START LISTED RECORDS

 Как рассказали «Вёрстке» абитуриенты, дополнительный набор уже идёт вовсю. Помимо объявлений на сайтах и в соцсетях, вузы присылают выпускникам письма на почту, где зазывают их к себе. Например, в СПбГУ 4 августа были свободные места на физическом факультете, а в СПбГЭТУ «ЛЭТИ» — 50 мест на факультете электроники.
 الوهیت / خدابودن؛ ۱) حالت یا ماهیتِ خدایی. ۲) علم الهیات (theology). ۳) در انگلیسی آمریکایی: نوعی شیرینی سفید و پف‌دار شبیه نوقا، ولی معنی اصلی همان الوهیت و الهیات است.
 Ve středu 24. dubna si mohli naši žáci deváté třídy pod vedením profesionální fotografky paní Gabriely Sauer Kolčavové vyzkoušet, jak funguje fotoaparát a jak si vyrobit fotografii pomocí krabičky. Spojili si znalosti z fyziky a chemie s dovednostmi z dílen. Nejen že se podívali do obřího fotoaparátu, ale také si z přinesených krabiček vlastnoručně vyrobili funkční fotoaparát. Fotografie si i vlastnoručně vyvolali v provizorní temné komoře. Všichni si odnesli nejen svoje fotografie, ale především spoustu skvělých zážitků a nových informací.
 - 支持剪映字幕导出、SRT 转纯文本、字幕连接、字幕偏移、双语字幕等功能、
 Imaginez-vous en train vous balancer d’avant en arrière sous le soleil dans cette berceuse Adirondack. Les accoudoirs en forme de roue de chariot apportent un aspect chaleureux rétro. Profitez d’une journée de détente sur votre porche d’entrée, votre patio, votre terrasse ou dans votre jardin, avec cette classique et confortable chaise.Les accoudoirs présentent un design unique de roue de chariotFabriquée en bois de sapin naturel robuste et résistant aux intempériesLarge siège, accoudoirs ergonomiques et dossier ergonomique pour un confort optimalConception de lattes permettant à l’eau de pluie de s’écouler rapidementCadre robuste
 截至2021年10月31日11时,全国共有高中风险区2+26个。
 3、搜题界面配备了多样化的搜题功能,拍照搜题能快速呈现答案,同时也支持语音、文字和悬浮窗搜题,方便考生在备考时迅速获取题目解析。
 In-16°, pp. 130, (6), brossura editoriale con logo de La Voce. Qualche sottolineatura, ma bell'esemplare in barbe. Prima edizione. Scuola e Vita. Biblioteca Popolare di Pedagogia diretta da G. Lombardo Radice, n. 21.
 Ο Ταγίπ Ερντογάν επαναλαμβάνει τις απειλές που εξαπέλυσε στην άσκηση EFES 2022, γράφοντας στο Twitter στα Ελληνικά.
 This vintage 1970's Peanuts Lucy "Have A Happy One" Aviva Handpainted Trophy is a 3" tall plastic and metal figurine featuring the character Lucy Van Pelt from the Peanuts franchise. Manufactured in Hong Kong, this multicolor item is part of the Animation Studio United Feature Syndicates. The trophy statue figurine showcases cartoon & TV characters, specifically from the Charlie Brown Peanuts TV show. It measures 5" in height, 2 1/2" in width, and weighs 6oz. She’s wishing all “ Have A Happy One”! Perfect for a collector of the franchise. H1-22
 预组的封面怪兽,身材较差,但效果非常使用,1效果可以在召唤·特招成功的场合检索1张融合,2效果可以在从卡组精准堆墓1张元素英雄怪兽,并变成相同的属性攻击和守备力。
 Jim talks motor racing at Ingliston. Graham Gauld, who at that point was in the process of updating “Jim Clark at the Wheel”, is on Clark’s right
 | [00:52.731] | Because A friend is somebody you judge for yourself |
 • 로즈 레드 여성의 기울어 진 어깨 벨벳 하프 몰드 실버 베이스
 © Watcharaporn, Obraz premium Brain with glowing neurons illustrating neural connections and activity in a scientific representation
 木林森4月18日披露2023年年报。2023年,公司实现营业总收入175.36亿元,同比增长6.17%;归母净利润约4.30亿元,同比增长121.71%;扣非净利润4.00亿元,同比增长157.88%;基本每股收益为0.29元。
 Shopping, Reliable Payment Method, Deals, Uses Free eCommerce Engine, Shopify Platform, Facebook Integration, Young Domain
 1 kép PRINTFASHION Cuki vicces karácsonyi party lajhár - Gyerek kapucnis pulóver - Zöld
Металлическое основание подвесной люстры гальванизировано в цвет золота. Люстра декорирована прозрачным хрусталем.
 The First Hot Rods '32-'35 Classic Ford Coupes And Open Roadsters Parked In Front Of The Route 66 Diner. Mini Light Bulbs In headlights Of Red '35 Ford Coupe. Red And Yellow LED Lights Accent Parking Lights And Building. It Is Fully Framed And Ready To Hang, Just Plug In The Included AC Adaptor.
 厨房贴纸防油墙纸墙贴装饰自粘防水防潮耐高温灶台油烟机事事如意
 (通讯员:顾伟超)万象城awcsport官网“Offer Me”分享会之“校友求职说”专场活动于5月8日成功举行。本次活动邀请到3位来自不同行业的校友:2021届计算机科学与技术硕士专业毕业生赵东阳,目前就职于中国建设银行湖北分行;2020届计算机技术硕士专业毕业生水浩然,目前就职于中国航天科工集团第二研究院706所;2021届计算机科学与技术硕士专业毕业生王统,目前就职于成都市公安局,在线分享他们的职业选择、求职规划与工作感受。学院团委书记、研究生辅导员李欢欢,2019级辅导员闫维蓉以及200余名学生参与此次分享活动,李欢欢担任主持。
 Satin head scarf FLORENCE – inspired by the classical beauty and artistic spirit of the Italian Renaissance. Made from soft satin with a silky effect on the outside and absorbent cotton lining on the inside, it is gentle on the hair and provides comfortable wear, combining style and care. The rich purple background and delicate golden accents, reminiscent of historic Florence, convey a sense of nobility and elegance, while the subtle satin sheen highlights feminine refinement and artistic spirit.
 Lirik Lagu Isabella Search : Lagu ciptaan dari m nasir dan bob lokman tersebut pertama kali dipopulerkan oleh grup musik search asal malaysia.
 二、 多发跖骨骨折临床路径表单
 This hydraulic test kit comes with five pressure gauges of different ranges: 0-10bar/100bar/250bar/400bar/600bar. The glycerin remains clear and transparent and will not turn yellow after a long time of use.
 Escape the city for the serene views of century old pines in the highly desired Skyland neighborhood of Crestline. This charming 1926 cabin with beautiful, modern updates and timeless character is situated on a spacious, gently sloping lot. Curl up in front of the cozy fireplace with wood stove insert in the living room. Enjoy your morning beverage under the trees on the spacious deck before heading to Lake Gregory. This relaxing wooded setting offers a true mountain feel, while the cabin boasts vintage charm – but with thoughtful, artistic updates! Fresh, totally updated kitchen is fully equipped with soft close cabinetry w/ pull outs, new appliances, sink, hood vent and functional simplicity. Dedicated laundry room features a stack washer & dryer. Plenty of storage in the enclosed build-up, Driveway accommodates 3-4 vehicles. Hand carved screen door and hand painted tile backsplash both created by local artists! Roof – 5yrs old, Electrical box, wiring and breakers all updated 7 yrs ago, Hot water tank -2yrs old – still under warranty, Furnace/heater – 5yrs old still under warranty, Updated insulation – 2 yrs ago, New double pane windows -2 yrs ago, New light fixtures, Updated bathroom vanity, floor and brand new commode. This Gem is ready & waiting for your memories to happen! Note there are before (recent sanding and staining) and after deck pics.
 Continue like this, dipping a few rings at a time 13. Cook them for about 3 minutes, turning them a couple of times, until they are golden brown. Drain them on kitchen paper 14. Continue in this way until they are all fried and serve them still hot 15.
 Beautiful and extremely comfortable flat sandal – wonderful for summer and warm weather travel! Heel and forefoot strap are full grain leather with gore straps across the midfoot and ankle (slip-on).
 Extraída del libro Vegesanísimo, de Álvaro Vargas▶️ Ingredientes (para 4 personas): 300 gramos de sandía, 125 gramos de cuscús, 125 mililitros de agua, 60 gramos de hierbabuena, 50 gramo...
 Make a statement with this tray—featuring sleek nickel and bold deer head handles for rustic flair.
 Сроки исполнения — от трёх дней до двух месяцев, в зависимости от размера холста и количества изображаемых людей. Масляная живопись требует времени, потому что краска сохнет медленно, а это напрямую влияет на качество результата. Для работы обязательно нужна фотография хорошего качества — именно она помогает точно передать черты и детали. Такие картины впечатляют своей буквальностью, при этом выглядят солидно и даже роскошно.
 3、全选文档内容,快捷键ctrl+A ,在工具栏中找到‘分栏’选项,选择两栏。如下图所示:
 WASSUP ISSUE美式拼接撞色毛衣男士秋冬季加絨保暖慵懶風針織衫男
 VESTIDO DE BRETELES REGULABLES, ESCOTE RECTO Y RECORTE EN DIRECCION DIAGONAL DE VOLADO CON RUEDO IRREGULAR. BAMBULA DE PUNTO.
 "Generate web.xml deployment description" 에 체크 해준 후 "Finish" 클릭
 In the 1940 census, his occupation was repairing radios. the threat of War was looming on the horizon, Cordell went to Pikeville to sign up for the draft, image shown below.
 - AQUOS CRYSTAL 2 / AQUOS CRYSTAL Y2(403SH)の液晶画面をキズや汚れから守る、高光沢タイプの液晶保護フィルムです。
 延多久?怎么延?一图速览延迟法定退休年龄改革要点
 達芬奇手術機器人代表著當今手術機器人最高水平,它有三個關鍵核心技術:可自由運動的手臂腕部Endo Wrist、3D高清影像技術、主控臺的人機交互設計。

END LISTED RECORDS

Output, and output only, the lines from the one containing "In the 1940" through the last line of the data above.

 In the 1940 census, his occupation was repairing radios. the threat of War was looming on the horizon, Cordell went to Pikeville to sign up for the draft, image shown below.
 - AQUOS CRYSTAL 2 / AQUOS CRYSTAL Y2(403SH)の液晶画面をキズや汚れから守る、高光沢タイプの液晶保護フィルムです。
 延多久?怎么延?一图速览延迟法定退休年龄改革要点
 達芬奇手術機器人代表著當今手術機器人最高水平,它有三個關鍵核心技術:可自由運動的手臂腕部Endo Wrist、3D高清影像技術、主控臺的人機交互設計。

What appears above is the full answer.